Adrià encuentra a su abuela paterna muerta en el salón de su casa. La primera impresión que en sus quince años produce este macabro descubrimiento se transforma en la esperanza de reencontrarse con su padre, que abandonó a la familia hace una década. Al no aparecer en el entierro, el joven siente una necesidad irrefrenable de buscarlo, conocerlo y saber por qué se marchó; unos sentimientos que ha negado todos estos años. Su madre le revela que su padre vive en Kenitra, un puerto fluvial de Marruecos, y el joven viajará hasta allí trabajando como ayudante de cocina en un buque de carga.

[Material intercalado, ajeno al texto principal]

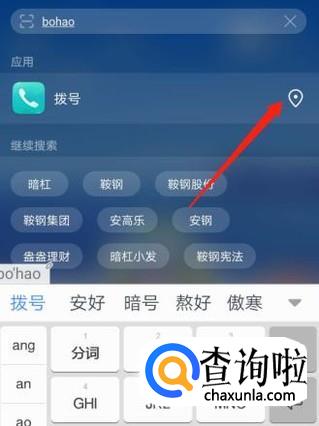 输入“拨号”后,搜索栏下方会出现拨号的图标及一个定位键,点击这个定位键。
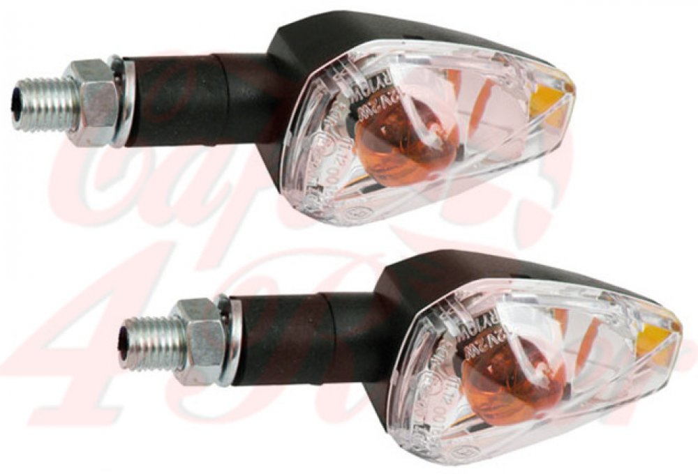 Černé pouzdro s čirým sklem schváleným ECE a malou žárovkou 12 V 21 W. - Čirá čočka schválená ECE - S žárovkou 21 W oranžové barvy - Rozměry přibližně 60 mm šířka x 38 mm výška x 50 mm hloubka. Závit M10 x 20 mm.
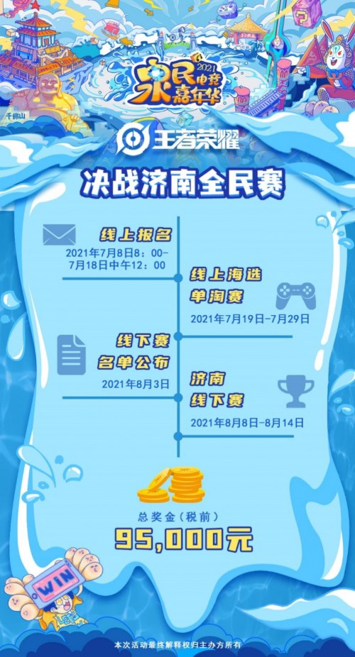 《王者荣耀》线上赛部分采用5V5的单淘赛制,来自全国各地的召唤师将会在线上决出16个名额,汇聚山东济南,展开最终的线下角逐。奖品丰厚,机会难得,赶快报名参加!
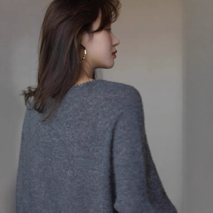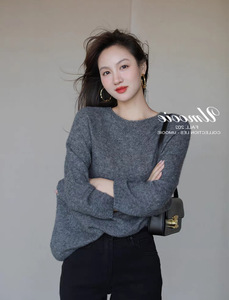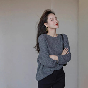 UM秋冬新款女装毛衣纯羊毛慵懒风圆领女上衣纯色宽松长袖针织短款
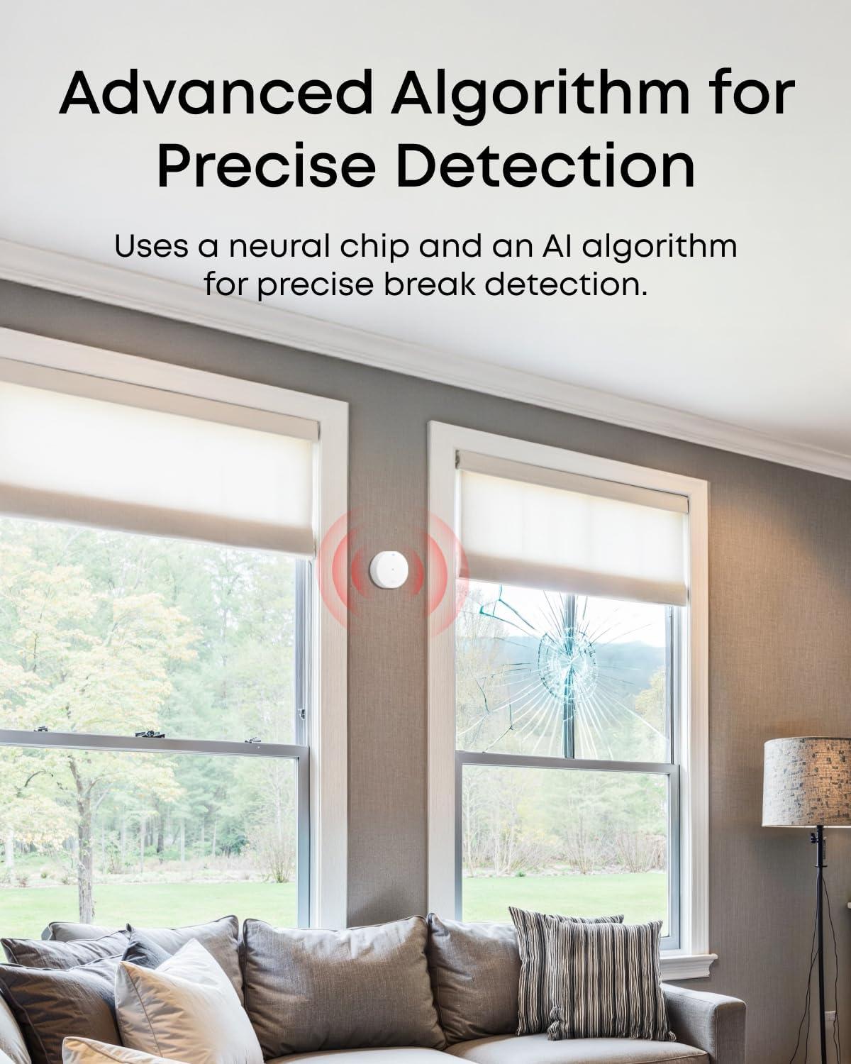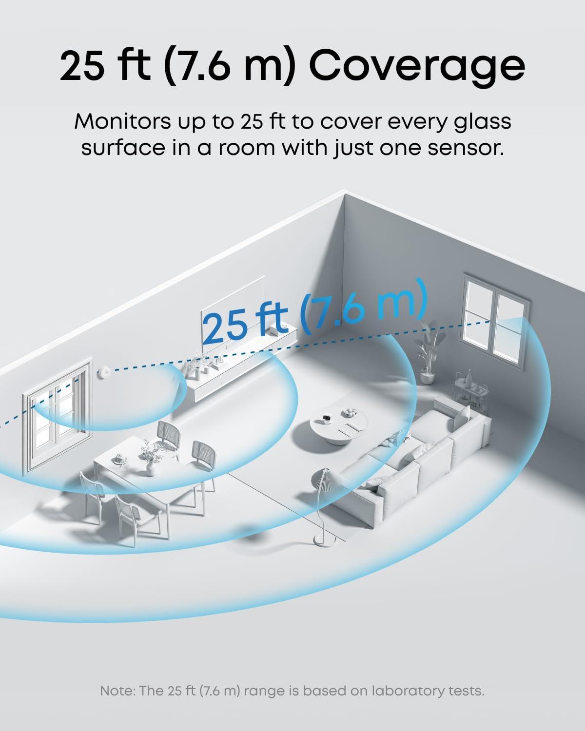 eufy Glass Break Sensor E10, Precision Detection with Advanced Algorithm, 25 ft Range Coverage Area, Long-Lasting 3-Year Battery Life, Compatible with HomeBase 2, 3, Mini, and Pro
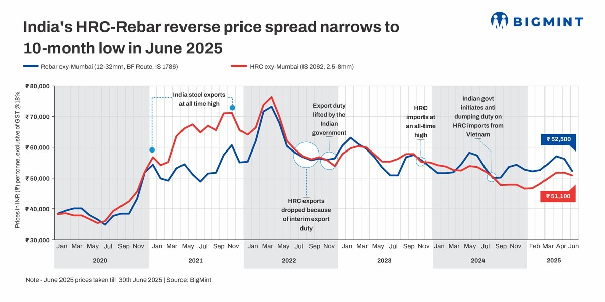 Factors influencing Indias HRC-rebar spread in Jun25
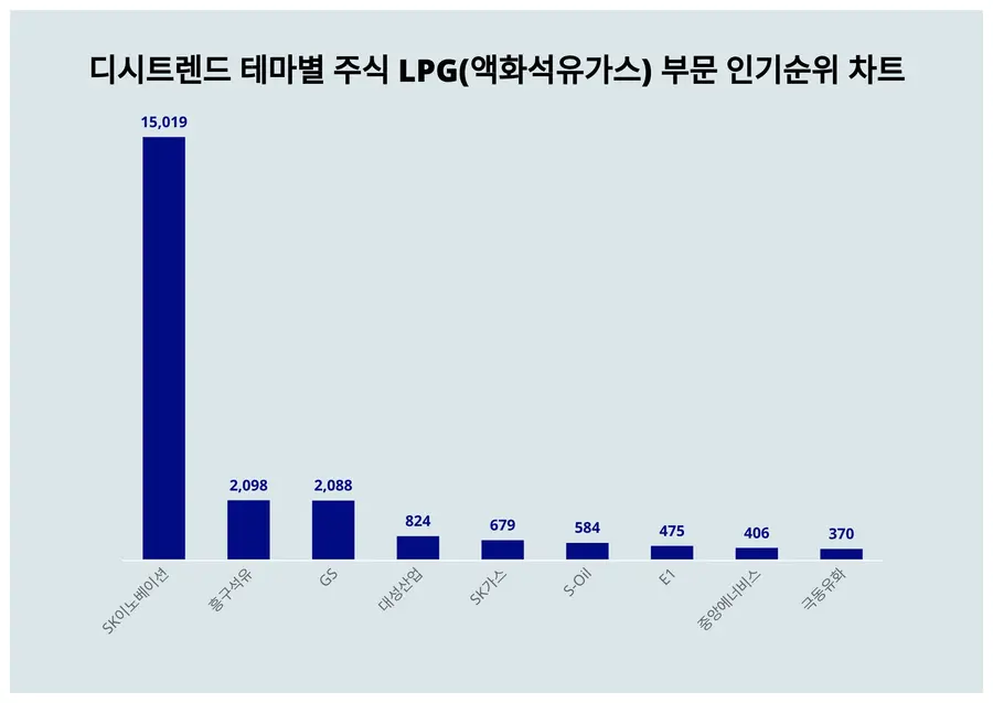 ▲테마별 주식 LPG(액화석유가스) 부문 인기지수 분석 결과 ⓒ디시트렌드
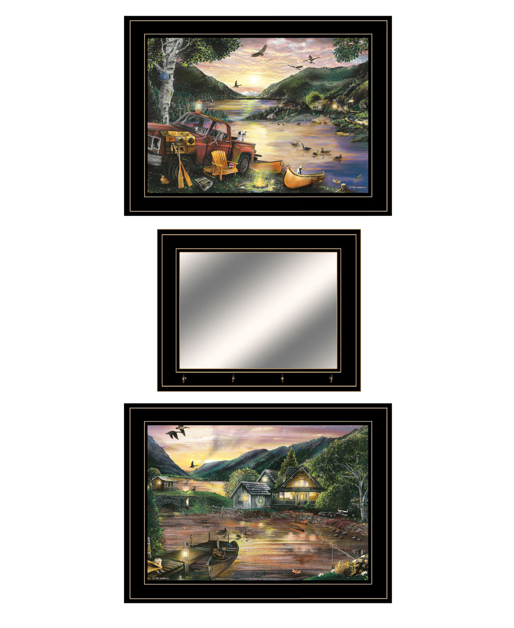 VED657-704GMH "Lakefront Camping" By Ed Wargo. Three Piece Cabin Collection features Handmade Decorative black (12x15) framed Mirror with four hooks by Trendy Decor 4U. Includes 2 black framed prints: "Lakefront Camping I" (19x15) and "Lakefront Camping II" (19x15). The surface of the art is coated with a fade resistant texture which gives it a canvas-like appearance. No glass is necessary. Arrives ready to hang. Made in USA.•Women Owned (WBE)•Textured Artwork with a 'rolled on' acid free acrylic coating to create a canvas painting effect. No glass is necessary.•UV protectant coating protects artwork from fading.•Molding adds natural beauty to the framed art. Frame is keyholed for ease of hanging.•Frame is keyholed for ease of hanging.
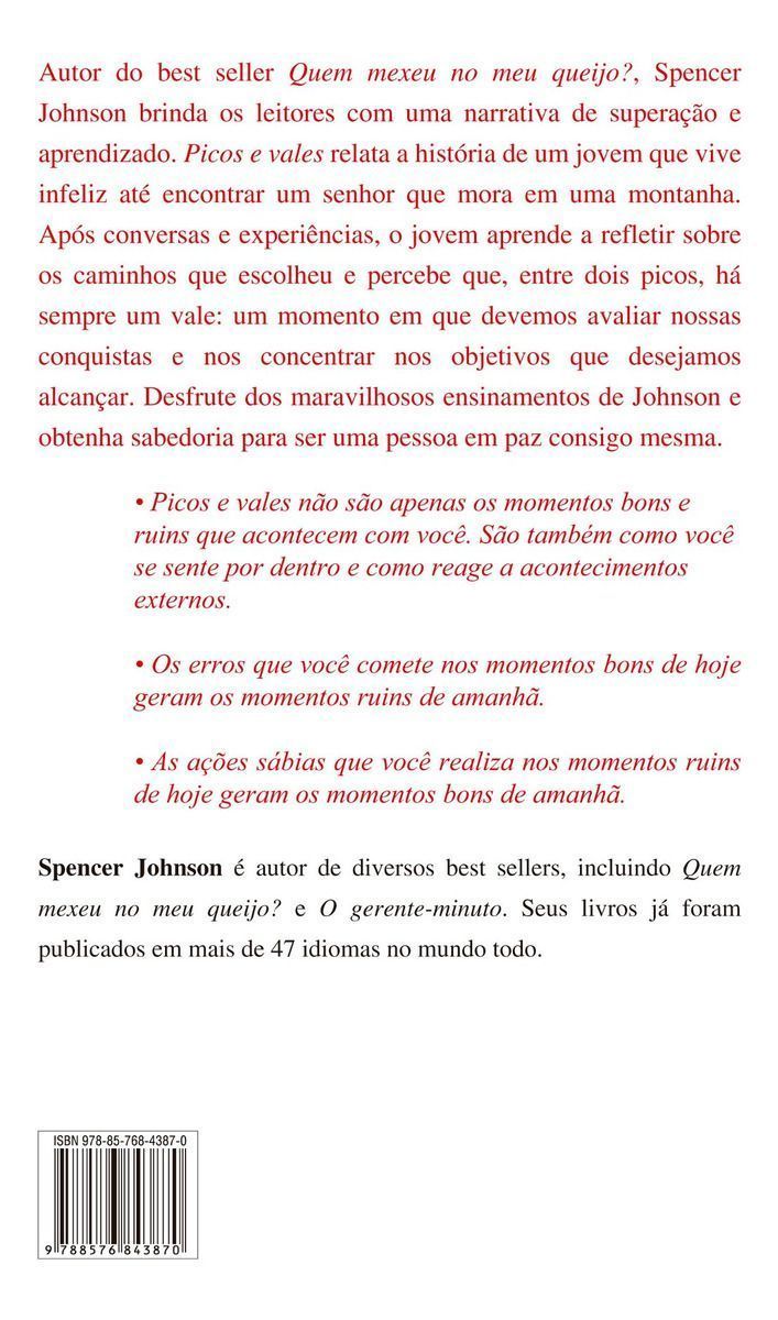 "Autor do best-seller Quem mexeu no meu queijo?, Spencer Johnson presenteia seus leitores com uma narrativa de superação e aprendizado.     Picos e vales relata a história de um jovem que não estava feliz no vale onde morava e todos os dias imaginava como era viver no pico. Quando ele não pôde mais lidar com sua curiosidade, decidiu subir. A jornada para cima, como todas as jornadas da vida, era difícil e demorada, fazendo com que ele ficasse cansado e frustrado por ter perdido o pôr-do-sol.  Enquanto ainda estava reclamando por sua perda, o rapaz encontrou um homem velho, com quem iniciou uma conversa. O senhor perguntou ao jovem o que ele achava da vista. O rapaz estava tão focado no pôr-do-sol que não notou a beleza das estrelas que brilhavam acima dele.  Após conversas e experiências, o jovem aprende a refletir sobre os caminhos que escolheu e percebe que, entre dois picos, há sempre um vale: um momento de avaliação das decisões tomadas e de concentração nos objetivos a serem alcançados.  No dia seguinte, ele agradece ao velho e volta ao vale. Aplicando as lições que aprendeu em sua vida, se transformou para melhor. O jovem aprendeu que, para chegar ao seu auge, é necessário ter uma visão sensata, que faça sentido para você, de forma realista e alcançável.  Picos e vales não são apenas os momentos bons e ruins que acontecem. São também como você se sente por dentro e como reage a acontecimentos externos. Os erros que comete nos momentos bons de hoje geram os momentos ruins de amanhã. As ações sábias que você realiza nos momentos ruins de hoje geram os momentos bons de amanhã.  Picos e vales é um best-seller, com mensagens expressivas, cria respostas assertivas para problemas pessoais ou no local de trabalho. Entenda que o caminho para fora do vale aparece quando você escolhe ver os picos de maneira diferente. "
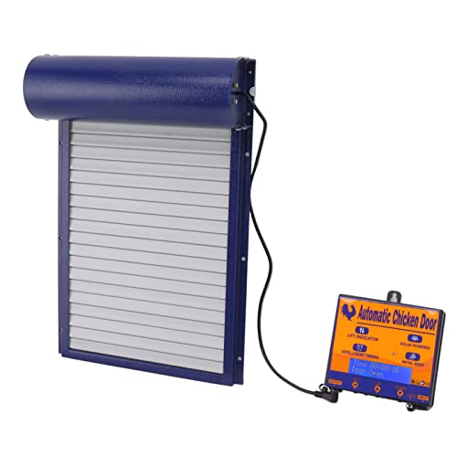 Automatisk Hönsgårdsdörr, Batteridriven Aluminium Automatisk Kycklingdörröppnare med Timer, Programmerbar Ljussensor och Fjärrkontroll, LCD-skärm Flerläges Hönsgårdsdörröppnare (Blå)
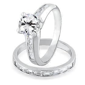 Bling Jewelry Bridal Engagement Wedding Ring Set Baguette and Round CZs: Jewelry
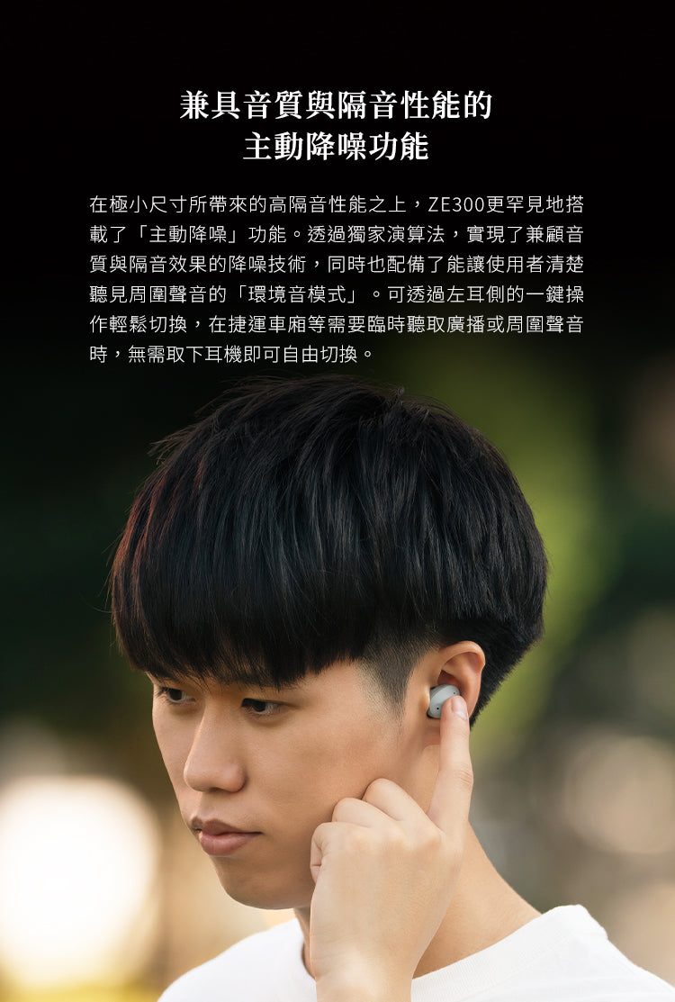 ZE300 採用先進的主動降噪技術,透過獨家演算法有效平衡降噪性能與音質表現。不同於市面上許多降噪耳機在開啟降噪功能後會影響音質,ZE300 能夠在保持音樂細節清晰的同時,有效隔絕外界噪音。無論是在嘈雜的通勤環境、辦公室,或是咖啡廳,都能讓您沉浸在純淨的音樂世界中。
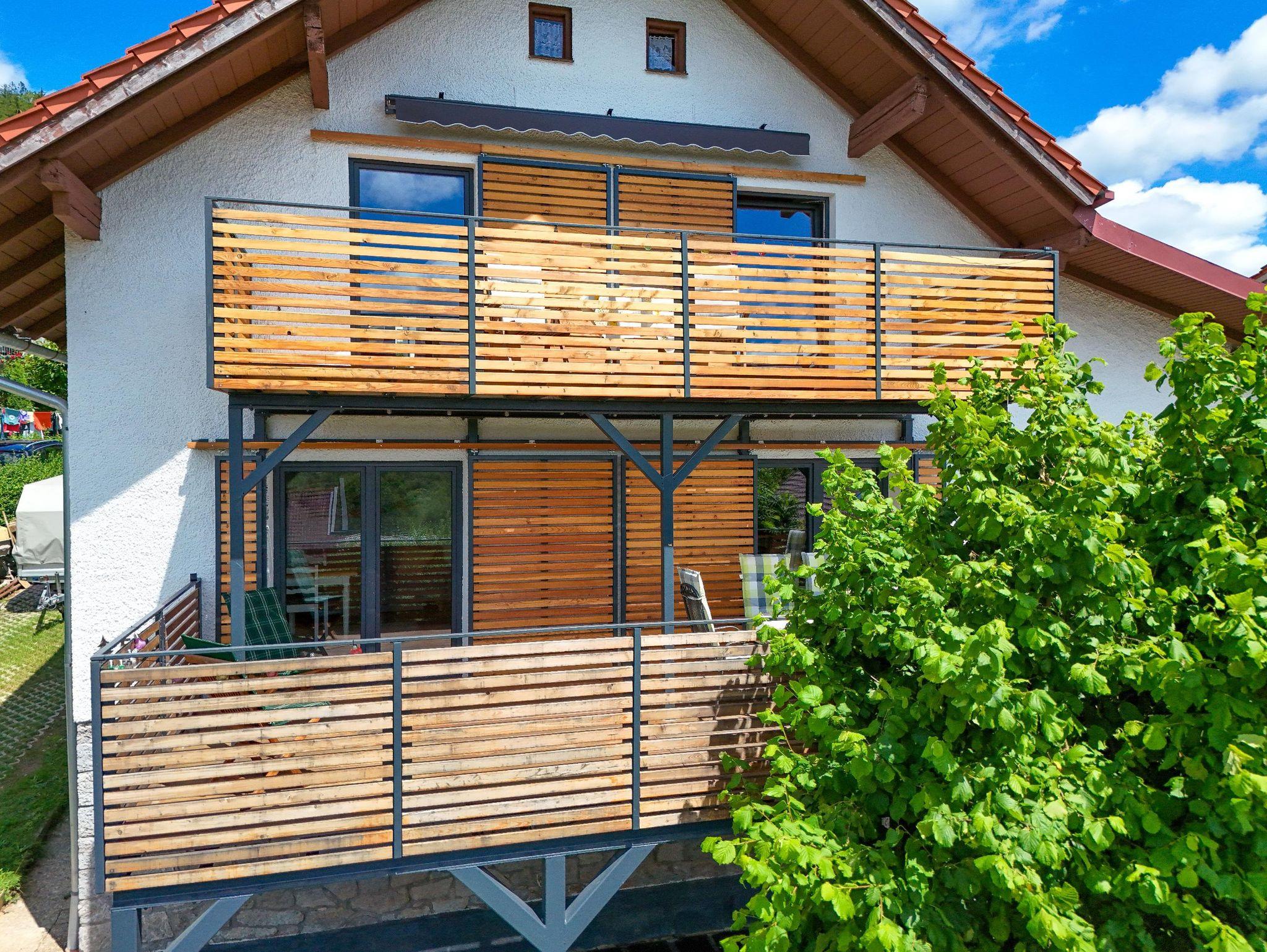 Auf zwölf Quadratmetern mit Südwestausrichtung genießen Sie das Panorama des Bayerischen Waldes: Blick auf Rabenstein, den Hennenkobel und die Stadt Zwiesel. Ein Essplatz lässt den Sonnenuntergang an warmen Sommerabenden zum Erlebnis werden. Die Teakholzstühle lassen sich zur Liege umklappen. Eine Markise und ein Sonnenschirm spenden Schatten. Ebenso die Schiebeläden, die an heißen Sommertagen der Wohnung innen ein mediterranes Flair geben.
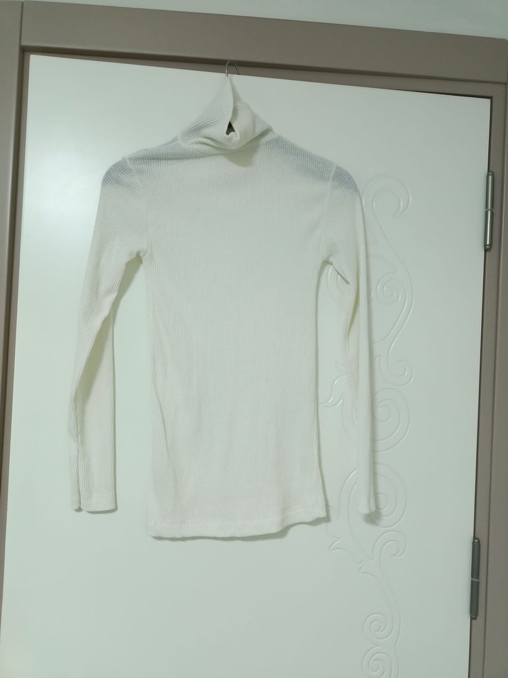 Kadın beyaz balıkçı yaka, ince ve uzun kollu triko. Yumuşak keten kumaştan, sade ve minimal tasarıma sahiptir. Günlük kullanıma uygundur. hiç giymedim

Entranyable història que es fa una mica lenta i pesada en diversos capítols. L'autora es vol posar a la pell i el pensament d'un adolescent de setze anys, i es veu que ja li queda molt lluny aquesta època a la seva vida. No m'ha desagradat però no és un llibre que m'hagi marcat. Lo millor el final, malgrat que molt previsible.
Como era de esperar, esta señora sigue escribiendo cosas que no le tocan... No digo que los autores mayores no puedan escribir cosas para adolescentes - mirad a Jordi Sierra i Fabra, por ejemplo -, pero esta señora simplemente habla de sexo, típicos tópicos juveniles y una historia de un niño que quiere reencontrarse con su padre pero para sin pena ni gloria.